We hear stories of fire-walking, telekinesis, spontaneous remission of advanced cancer, 110 pound mothers with the ability to lift a 3,000 pound car off their child, out-of-body experiences, contact with alternative realities, and an endless supply of stories and experiences of others who have encountered unbelievable circumstances and emerged to share their stories with us.

Whether the stories are true or not is irrelevant, because we know that truth changes over time, resulting from new information. In any case, the stories do give us hope. Hope that could be enough to enable you to access resources otherwise unavailable to you.

The existence of unlimited resources and alternatives is ever present, only the limitation of our mind through constant programming by societal constraints makes impossibility a reality, though nothing is impossible. Nothing.

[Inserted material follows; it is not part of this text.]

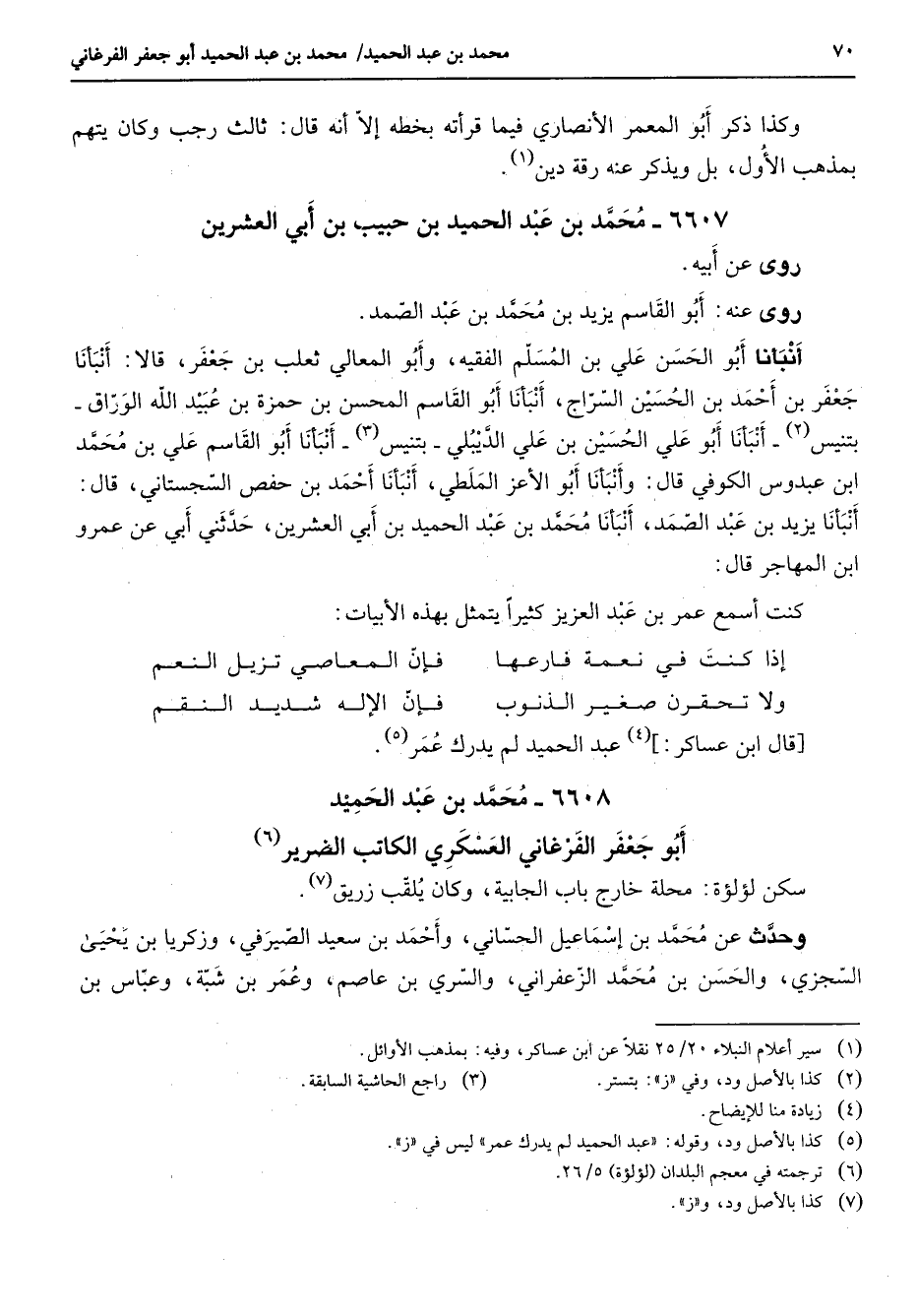 6607 - محمد بن عبد الحميد بن حبيب بن أبي العشرين روى عن أبيه روى عنه أبو القاسم يزيد بن محمد بن عبد الصمد
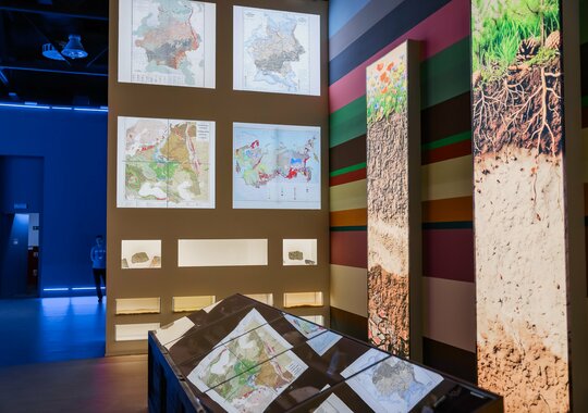 Выставка построена как большой рассказ о нашей стране, разделенная на восемь тематических залов. Входная галерея исторических карт позволяет «пролистать» карту России сквозь века. В зале, посвященном открытиям, оживает романтика экспедиций и дух первопроходцев. Гости выставки могут увидеть старинные карты, политические атласы, глобусы, морские, астрономические и геодезические инструменты. А «Класс географии» вернет посетителей в школьные годы.

We know that to be true, because in the last 100 years, we have seen the impossible become possible before our very eyes. So if nothing is impossible, the antithesis is also true, everything is possible.

Everything Is Possible

This is the hope, that we embrace. Unlimited resources, unlimited possibilities, if only we can find a way to allow our minds to be free enough from the limitations imposed on our ideals and beliefs to allow them to appear before us.

In your time of need, everything you could possibly need to counter any obstacle or injustice is there, if only you could let go of your self-imposed limitations, knowing anything is possible… Everything is.